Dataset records
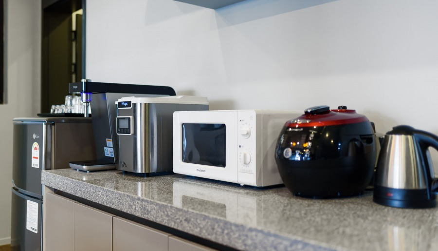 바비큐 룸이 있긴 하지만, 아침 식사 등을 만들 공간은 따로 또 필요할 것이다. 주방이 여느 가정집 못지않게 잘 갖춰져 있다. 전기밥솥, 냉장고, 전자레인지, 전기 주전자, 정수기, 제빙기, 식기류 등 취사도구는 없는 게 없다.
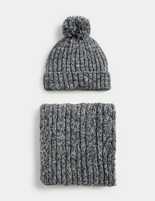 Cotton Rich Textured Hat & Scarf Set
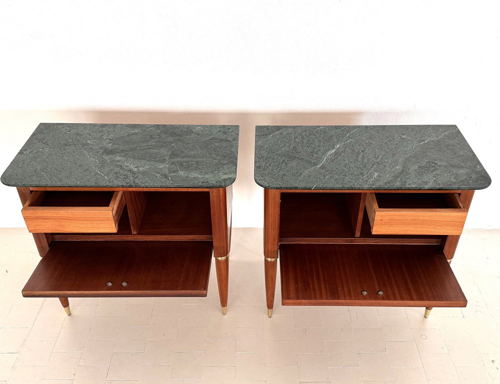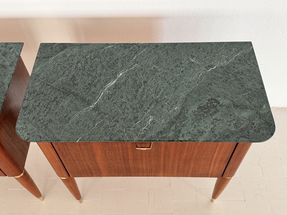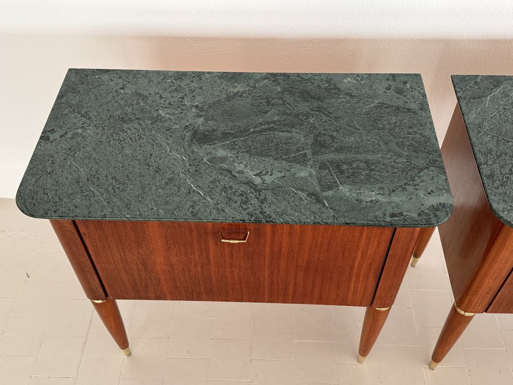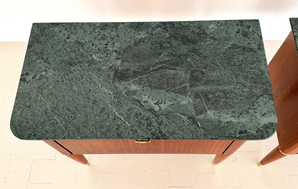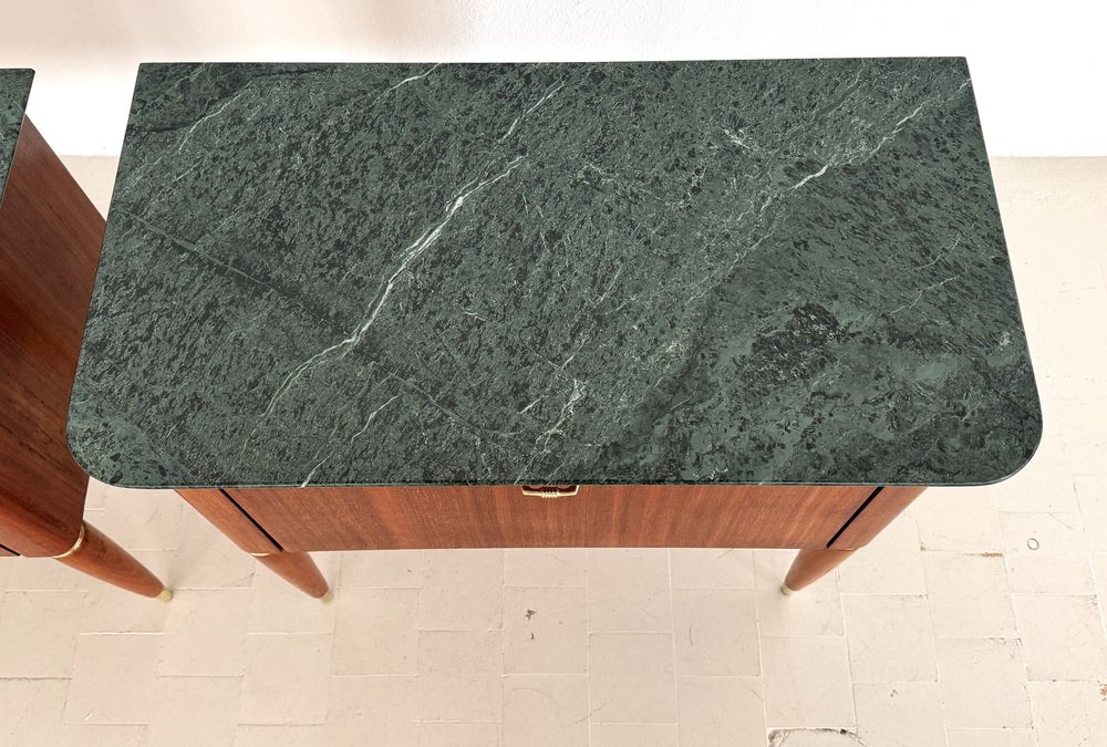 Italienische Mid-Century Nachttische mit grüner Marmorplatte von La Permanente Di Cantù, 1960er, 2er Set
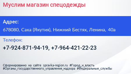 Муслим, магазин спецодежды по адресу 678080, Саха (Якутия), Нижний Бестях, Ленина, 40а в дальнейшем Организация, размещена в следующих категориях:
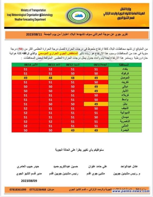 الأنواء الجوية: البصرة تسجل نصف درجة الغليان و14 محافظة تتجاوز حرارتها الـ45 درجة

What is needed >>
Restate the entries verbatim, without pictures.

Solution for this problem >>
 바비큐 룸이 있긴 하지만, 아침 식사 등을 만들 공간은 따로 또 필요할 것이다. 주방이 여느 가정집 못지않게 잘 갖춰져 있다. 전기밥솥, 냉장고, 전자레인지, 전기 주전자, 정수기, 제빙기, 식기류 등 취사도구는 없는 게 없다.
 Cotton Rich Textured Hat & Scarf Set
 Italienische Mid-Century Nachttische mit grüner Marmorplatte von La Permanente Di Cantù, 1960er, 2er Set
 Муслим, магазин спецодежды по адресу 678080, Саха (Якутия), Нижний Бестях, Ленина, 40а в дальнейшем Организация, размещена в следующих категориях:
 الأنواء الجوية: البصرة تسجل نصف درجة الغليان و14 محافظة تتجاوز حرارتها الـ45 درجة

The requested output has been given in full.